У разносившего баланду санитара Леня выпрашивает куски хлеба и, повернувшись ко мне спиной, постоянно жует. Делать самокрутки Леню научить невозможно. Самокрутка разваливается, и драгоценный табак оказывается на полу. Трижды я делаю ему замечания окурки не выбрасывать в унитаз, и трижды окурки оказываются в унитазе. К вечеру нам подселяют третьего. В плотно скроенном, покрытом татуировками парне угадывается рецидивист. Рысьи глаза лихорадочно ищут чем поживиться, кого унизить. Мы обмениваемся фразами, он узнает, что в этой системе я не новичок, и успокаивается. Из-под одеяла показывается Леня. Наметанным глазом Тулянкин, такова фамилия прибывшего, определяет кто перед ним.
Он садится возле Лени, обнимает его за плечи и говорит:
— Где я тебя, земляк, мог видеть?.. Ты на «четверке» не сидел?
Леня сжимается в комок и, запинаясь, отвечает:
— Н-н-н-не… Я тут недавно… Скоро будет два месяца.
— А по какой статье?
Леня называет статью и часть.
— Да ты че, земляк!.. С твоим сроком можно на параше просидеть. Годишник получишь.
Он расспрашивает у Лени подробности: что украл, где, при каких обстоятельствах. Леня успокаивается, ошибочно считая, что его принимают за своего.
Уголовник долго не заставляет себя ждать.
— Тебя завтра в «Кресты» выдернут. Зашли мне свой пуссер… Мине, если здесь не тормознут, скоро на зону, обменяю на чай…
Леня прячет глаза, встает и топчется на месте. Наконец он решается. Видимо, где-то кто-то учил, как нужно себя вести в подобной ситуации, но из уст Лени эти слова воспринимаются как лепет.
— Он мне самому нужен… Мне за него на воле двести рублей давали… ищи бабки, тогда и поговорим.

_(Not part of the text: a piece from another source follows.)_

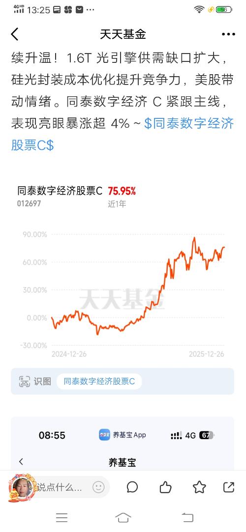 CPO板块昨日大涨超3%,算力热潮持续升温!1.6T光引擎供需缺口扩大,硅光封装成本优化提升竞争力,美股带动情绪。同泰数字经济C紧跟主线,表现亮眼暴涨超4%~$同泰数字经济股票C$ #青禾创作计划#
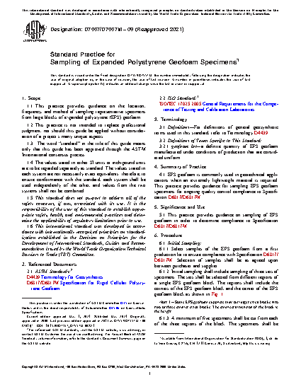 5.1 This practice provides guidance on sampling of EPS geofoam in order to determine compliance to Specification D6817/D6817M.

Сказанное резко меняет обстановку.
Тулянкин хватает Леню большим и указательным пальцами за нос, а кулаком правой руки бьет по голове.
— Ты овца поганая… Я за двести рублей тебя на х…й одену. Скидай, змей, пуссер, а то задолблю.
Тулянкин холоден и жесток. Взвесив силы, он прекрасно понимает, что выиграет. Я же за Леню вступаться не стану, по крайней мере до тех пор, пока насилие не достигнет запретных размеров. Леня снимает рубаху, отдает Тулянкину. Рецидивист прячет добычу в мешок и, мне подмигивая, начинает «политику пряника».
— Ты на меня, братишка, не обижайся. Может, на одну зону пойдем, — говорит, забывая, что у Лени пустячная статья. — Я за тебя заступаться буду, вместе жить будем, — опять мне подмигивает.
Из своего мешка Тулянкин вынимает серую майку.
— Леха, давай, постирай, братишка… Рука что-то болит, менты выкрутили.
Последовательность, с которой опытные рецидивисты подчиняют себе слабых духом, меня всегда поражала. В неволе хомо сапиенс мгновенно теряет человеческий облик и превращается в обычного серого волка.
Вечером Тулянкин обыграл Леню в карты на интерес. Опыта у него было хоть отбавляй. Свою «карьеру» уголовника он начал с 14-летнего возраста. В замашках этого уже 30-летнего мужчины было много от малолетки. В данный момент его интерес сводился к принуждению Лени на акт мужеложства.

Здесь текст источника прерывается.